A 2018 study found tropical cyclone speed has decreased globally by 10% since 1949 as atmosphere warms, which creates chance for drenching rain to inundate coastlines
By Jennifer Hiller and Devika Krishna Kumar
HOUSTON/MOBILE, Ala., Sept 16 (Reuters) - For Grant Saltz, who runs a barbecue restaurant in Mobile, Alabama, what struck him about Hurricane Sally was its steady, deliberate pace, after the storm rumbled into the U.S. Gulf Coast on Wednesday as a powerful Category 2 hurricane.
"It's so slow, this one," said Saltz, 38, while clearing away tree branches during a pause in the rains. "We had strong winds for a long period of time. Instead of a few hours, we got it for 12 hours."
Sally is not the most powerful storm to batter the U.S. Gulf Coast in recent memory, but its glacial pace is becoming a regular feature of the deadly storms, which many scientists attribute to climate change. The storm has already dropped more than 18 inches (46 cm) of rain in the last 24 hours, with more rainfall looming, the National Hurricane Center said.
At one point during its approach, Sally was moving at a mere 2 miles per hour (3.2 km per hour), recalling Hurricanes Harvey in Houston in 2017, Florence in the Carolinas in 2018, and Dorian in the Bahamas in 2019, massive weather systems that parked over land and dumped rain that had to be measured in feet instead of inches.
A 2018 study found that tropical cyclone speed has decreased globally by 10% since 1949 as the atmosphere warms, which increases the chance that drenching rain inundates the coastline, said Jennifer Collins, professor in the school of geosciences at the University of South Florida.
"These North Atlantic hurricanes are increasingly likely to stall near the coast for many hours," Collins said.
The connection to climate change is not settled, but there is evidence that a warming Arctic weakens the winds that can help move a hurricane along its track or push it into the Atlantic away from land, said Jim Kossin, climate scientist with the National Oceanic and Atmospheric Administration who authored the 2018 paper and others on the topic.

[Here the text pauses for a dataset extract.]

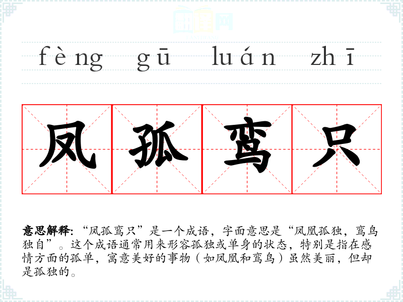 “凤孤鸾只”是一个成语,字面意思是“凤凰孤独,鸾鸟独自”。这个成语通常用来形容孤独或单身的状态,特别是指在感情方面的孤单,寓意美好的事物(如凤凰和鸾鸟)虽然美丽,但却是孤独的。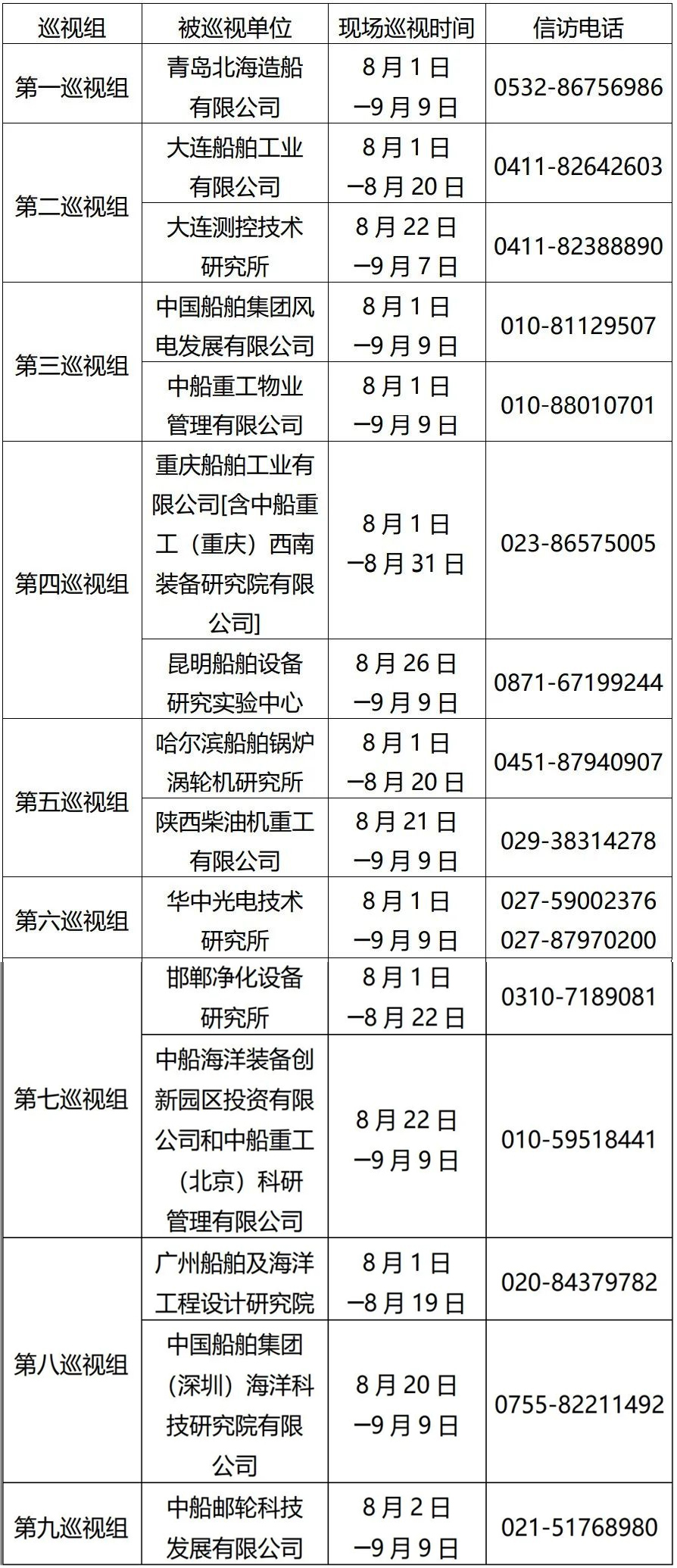 根據(jù)中國船舶集團(tuán)黨組2022年第一輪巡視工作部署,截至2022年8月2日,中國船舶集團(tuán)黨組9個(gè)巡視組已進(jìn)駐青島北海造船有限公司、大連船舶工業(yè)有限公司、中國船舶集團(tuán)風(fēng)電發(fā)展有限公司、中船重工物業(yè)管理有限公司、重慶船舶工業(yè)有限公司[含中船重工(重慶)西南裝備研究院有限公司]、哈爾濱船舶鍋爐渦輪機(jī)研究所、華中光電技術(shù)研究所、邯鄲凈化設(shè)備研究所、廣州船舶及海洋工程設(shè)計(jì)研究院、中船郵輪科技發(fā)展有限公司等單位,對其黨組織開展為期40天左右的現(xiàn)場巡視。巡視期間,巡視組設(shè)置專門值班電話(具體如下表)。同時(shí)在巡視組工作現(xiàn)場設(shè)置聯(lián)系信箱,廣大干部職工可以反映情況。

The result can be a storm like Sally "that tracks into a stagnant area and there's no steering flow and it just sits there," Kossin said.
The slow storms worry scientists given how busy 2020's hurricane season has been. The Atlantic basin has seen eight hurricanes already, a milestone reached at this point just three times in the past - in 1893, 2005 and 2012, said Phil Klotzbach, atmospheric scientist at Colorado State University.
The National Hurricane Center is monitoring four storms now - Sally, Paulette, Teddy and Vicky, with another system in the southwestern Gulf of Mexico possibly becoming a depression in the next several days.
The popular focus on the Saffir-Simpson Hurricane Wind Scale, which ranks hurricanes on a 1 to 5 rating based on sustained wind speed, "doesn't take into account the storm surge and the rainfall flooding," Collins said, which is usually more deadly than high winds.
Questions about storms and climate change first emerged 15 years ago during Katrina in New Orleans, and people were "extremely cagey about those answers," said Kim Cobb, climate scientist with Georgia Tech.
Hurricane Harvey overwhelmed the city of Houston with rain for several days and turned highways into tidal rivers as the wettest ever tropical cyclone to hit the United States. Sally has not been as bad, but the extent of the rain still surprised residents.
"No one expected it to be this bad," said Cody Phillips, who manages De Soto's Seafood Kitchen in Gulf Shores, Alabama, and a lifetime Alabama resident. "It's because it stalled. If it had just passed through, we would've been fine."